空港内で報道関係者に囲まれ、コメントするカン・チョル駐マレーシア北朝鮮大使=クアラルンプール国際空港、シャイフル・レドズアン撮影
北朝鮮の金正恩(キムジョンウン)・朝鮮労働党委員長の異母兄、金正男(キムジョンナム)氏が殺害された事件で、マレーシア政府から国外退去を命じられた北朝鮮のカン・チョル駐マレーシア大使が6日、民間機でマレーシアを出国した。北京経由で平壌に帰国するとみられる。
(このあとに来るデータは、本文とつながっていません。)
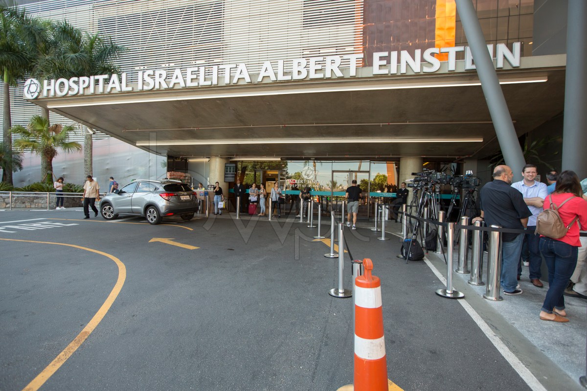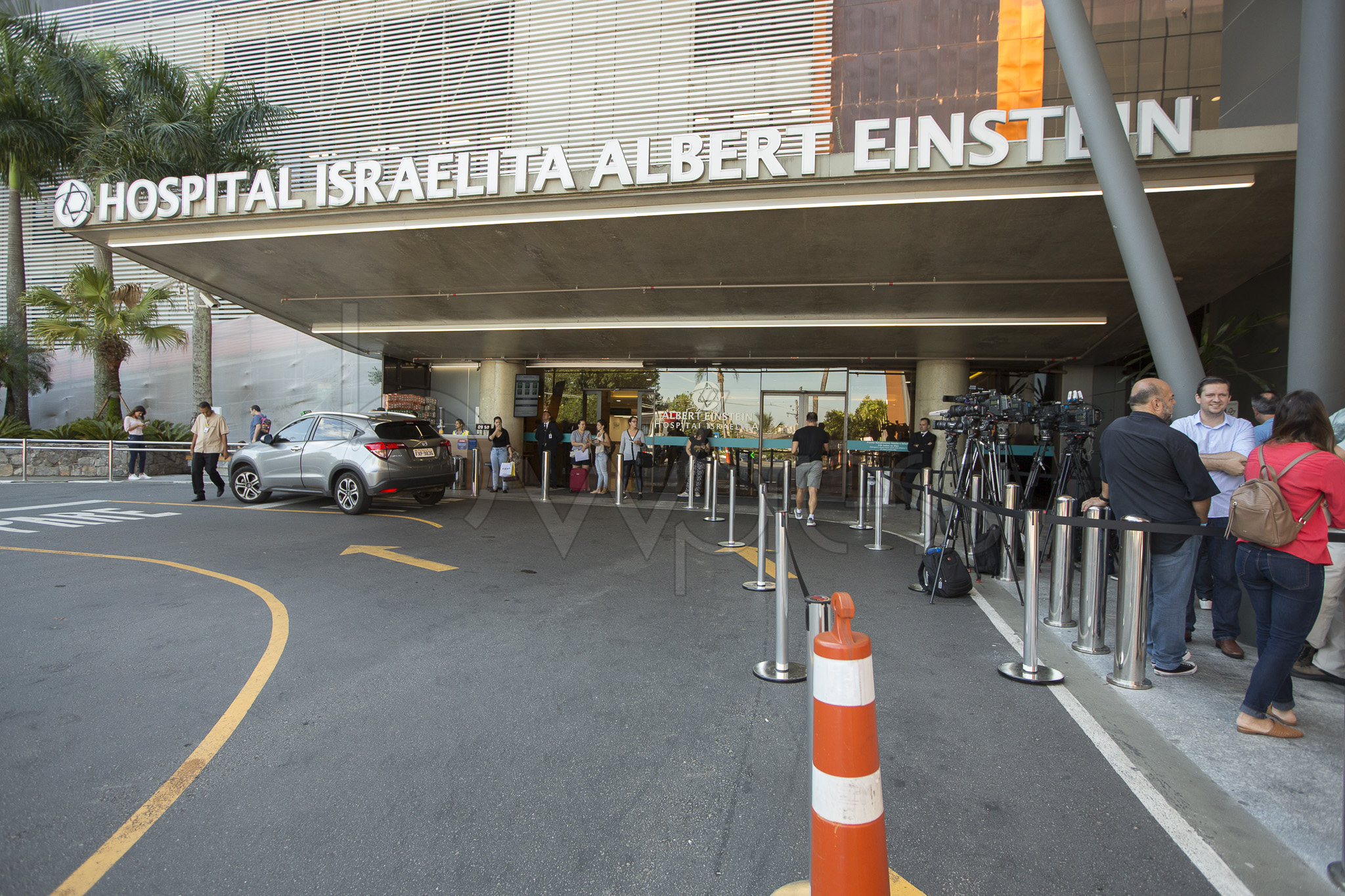 Comitiva com o presidente Jair Bolsonaro chega ao Hospital Albert Eistein, na zona sul de São Paulo (SP), neste domingo (27).

一方、北朝鮮外務省は、マレーシアに帰国している同国の駐北朝鮮大使について国外退去処分にすると発表した。朝鮮中央通信が6日夜、伝えた。
特集:金正男氏殺害
強硬な態度を崩さない北朝鮮に対し、マレーシアのナジブ政権はさらなる対抗措置を検討している。友好国だった両国の関係は、大使の国外退去の応酬でさらに緊張する可能性がある。
カン大使は出国の期限とされた6日午後6時(日本時間午後7時)の約1時間前にクアラルンプール国際空港に到着した。報道陣に対し、警察の捜査を批判したことについて「国の立場を代弁しただけだ」と述べ、「40年以上続く両国関係を害する極端な措置に深刻な懸念を表明する」などと主張した。マレーシア政府が求める謝罪の言葉はなかった。
事件の重要参考人とされる北朝鮮大使館2等書記官や、警察が逮捕状をとった北朝鮮の国営航空会社、高麗航空の職員は大使館内にかくまわれているとみられるが、北朝鮮側は捜査に協力する姿勢を見せない。